> _SUPPLIED MATERIAL_
::::

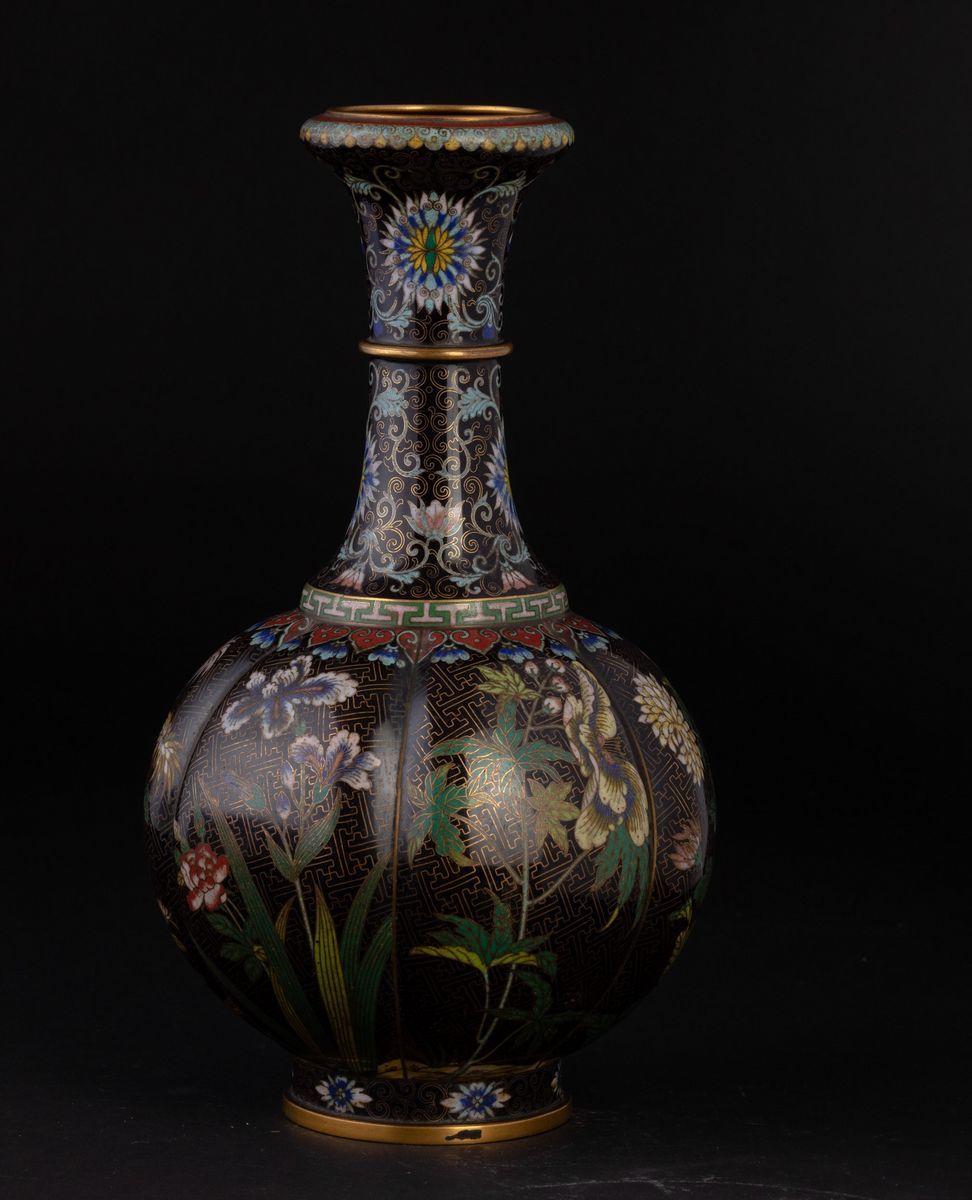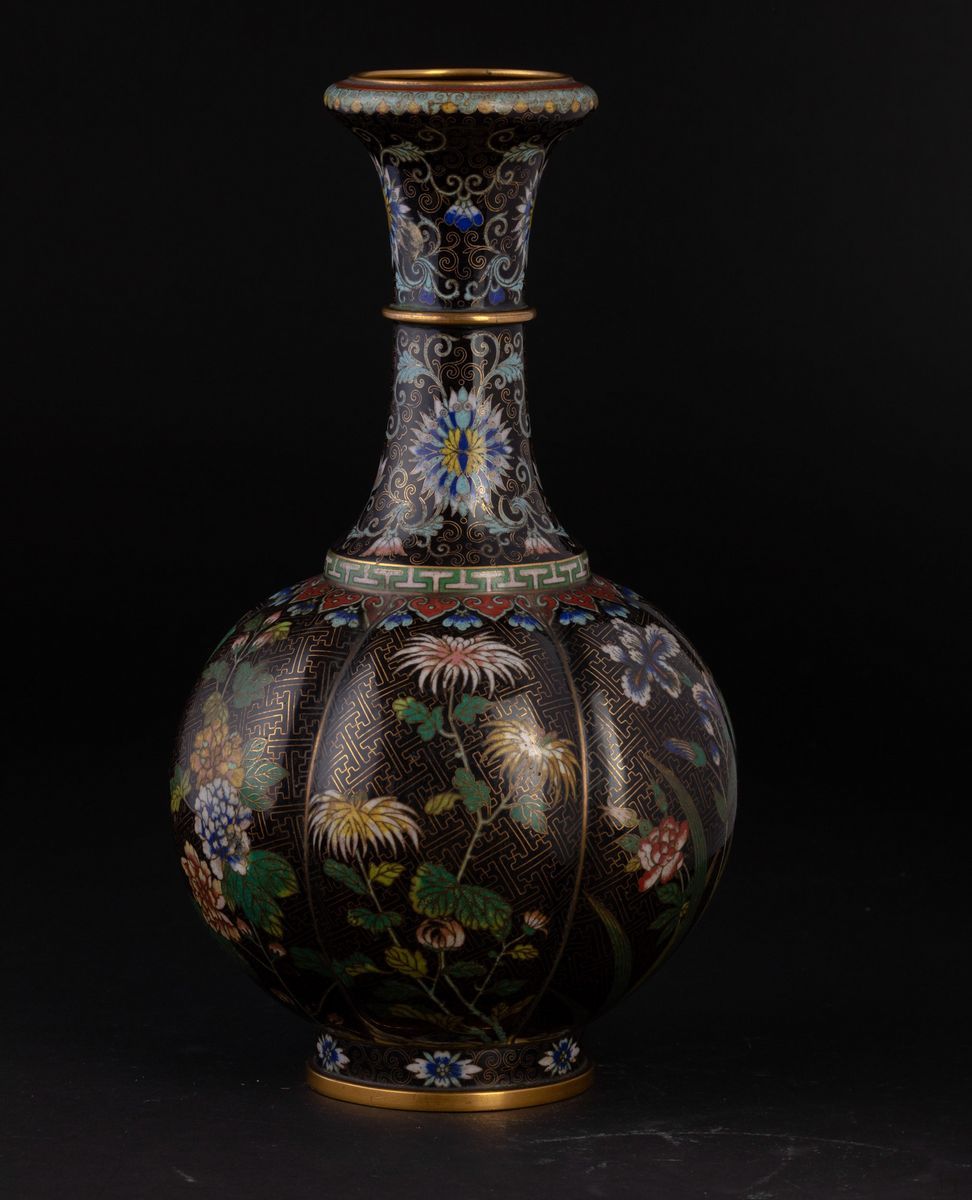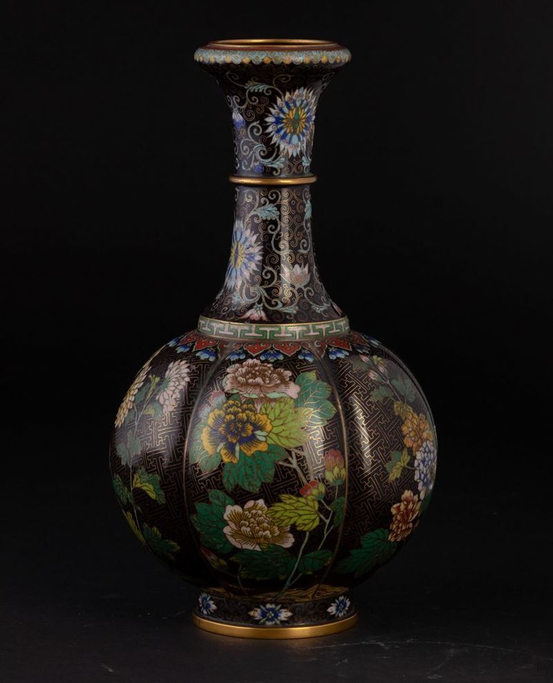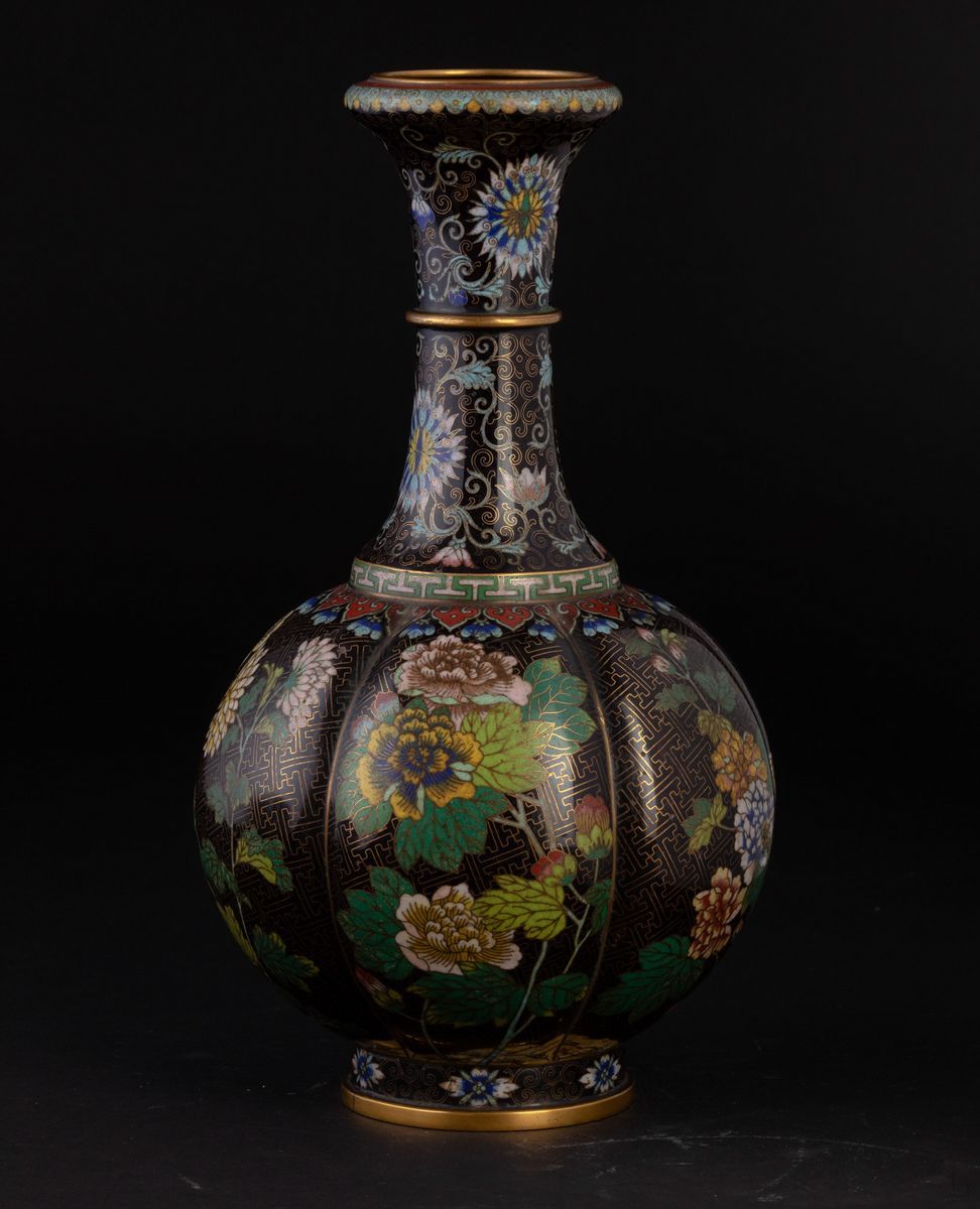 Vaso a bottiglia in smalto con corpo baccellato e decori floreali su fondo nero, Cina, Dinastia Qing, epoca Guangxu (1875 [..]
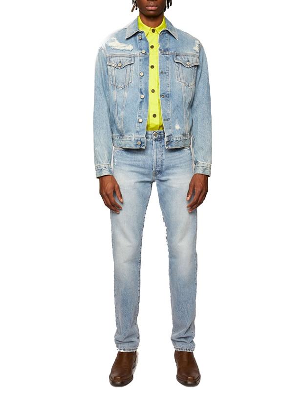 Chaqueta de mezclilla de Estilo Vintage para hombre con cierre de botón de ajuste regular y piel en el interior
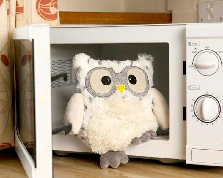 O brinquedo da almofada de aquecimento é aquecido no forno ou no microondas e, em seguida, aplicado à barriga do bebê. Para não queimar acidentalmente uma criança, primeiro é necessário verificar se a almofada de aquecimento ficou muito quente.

::::

> _PROBLEM DESCRIPTION_
The answer must be the full listing retyped exactly, with no pictures in it.

> _RESULT OF THE TASK_
 Vaso a bottiglia in smalto con corpo baccellato e decori floreali su fondo nero, Cina, Dinastia Qing, epoca Guangxu (1875 [..]
 Chaqueta de mezclilla de Estilo Vintage para hombre con cierre de botón de ajuste regular y piel en el interior
 O brinquedo da almofada de aquecimento é aquecido no forno ou no microondas e, em seguida, aplicado à barriga do bebê. Para não queimar acidentalmente uma criança, primeiro é necessário verificar se a almofada de aquecimento ficou muito quente.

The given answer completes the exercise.